C’est cependant l’usage qu’il choisit d’en faire, mais je me répète: il a le droit. Je ne lui apprends rien, d’ailleurs, puisqu’il se qualifie lui-même d’artisan de l’humour trash.
Je n’aurais pas pu mieux dire. Il fait de l’humour poubelle, au même titre que certains animateurs font de la radio poubelle. La différence, c’est que si un animateur chauve de Québec avait ri d’un enfant handicapé avant de fantasmer sur sa noyade, on l’aurait lynché.
La liberté d’expression est à géométrie variable.
Parce que l’humour jouit d’un statut particulier. On le perçoit comme un médium à part, une forme d’art dépourvue de responsabilités. Il faudrait accepter l’humour comme un simple spectacle, un divertissement inoffensif que l’on doit prendre à la légère.

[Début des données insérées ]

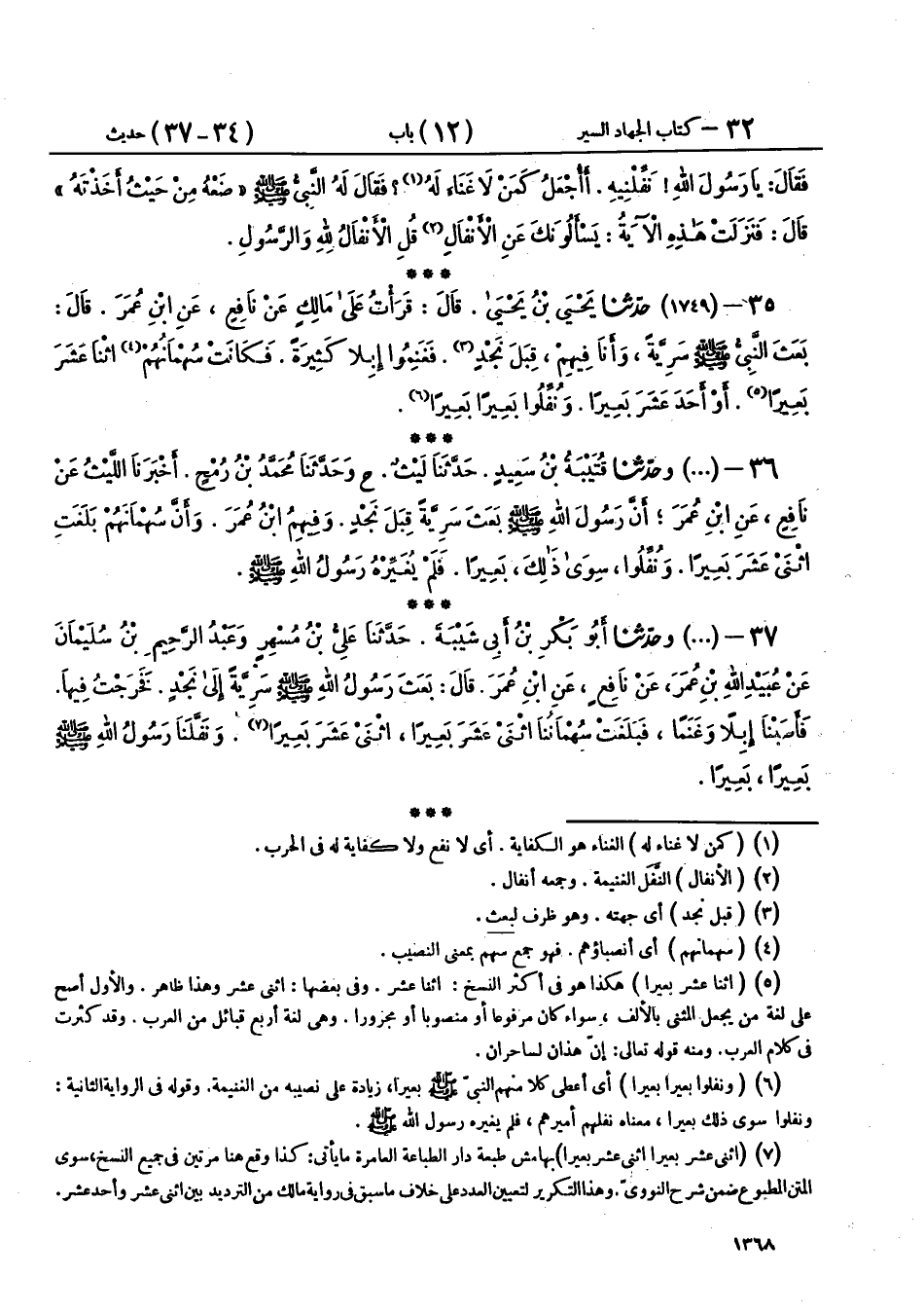 37 - (1749) وحَدَّثَنَا أَبُو بَكْرِ بْنُ أَبِي شَيْبَةَ، حَدَّثَنَا عَلِيُّ بْنُ مُسْهِرٍ، وَعَبْدُ الرَّحِيمِ بْنُ سُلَيْمَانَ، عَنْ عُبَيْدِ اللهِ بْنِ عُمَرَ، عَنْ نَافِعٍ، عَنِ ابْنِ عُمَرَ، قَالَ: «§بَعَثَ رَسُولُ اللهِ صَلَّى اللهُ عَلَيْهِ وَسَلَّمَ سَرِيَّةً إِلَى نَجْدٍ، فَخَرَجْتُ فِيهَا، فَأَصَبْنَا إِبِلًا وَغَنَمًا، فَبَلَغَتْ سُهْمَانُنَا اثْنَيْ عَشَرَ بَعِيرًا، اثْنَيْ عَشَرَ بَعِيرًا، وَنَفَّلَنَا رَسُولُ اللهِ صَلَّى اللهُ عَلَيْهِ وَسَلَّمَ بَعِيرًا بَعِيرًا»،

Dans son idéal, oui, l’humour incarnerait cela. Mais dans la réalité?
Je me suis remémoré mes chagrins de cour d’école. Je me suis souvenu de mes inaptitudes devant les jeux de marelle et les moqueries qui s’en suivaient dans cette microsociété dominée par le ballon-chasseur. Je me suis rappelé que les méchancetés qui se disaient à mon sujet n’étaient pas inventées de toute pièce. Les écoliers sont, oui, créatifs, mais surtout influençables. Ils imitent. Leur modèle préféré? Les comiques.
Ce sont des railleries qui blessent – je sais de quoi je parle – et je suis mal à l’aise qu’on les encourage.
Je ne suis pas inquiet pour la liberté d’expression – je suis en revanche mal de voir des humoristes se faire porte-paroles de campagnes contre l’intimidation tout en continuant de vendre des billets sur le dos de l’apparence physqiue d’autrui.
Mais on ne peut pas légiférer contre les épais.
Il y en aura toujours. La bonne nouvelle, c’est qu’on a le droit de les traiter d’épais en retour. Pis si on est assez nombreux à le faire, peut-être que certains épais ajouteront une dose de respect à leur liberté d’expression.
La société ne s’en portera que mieux.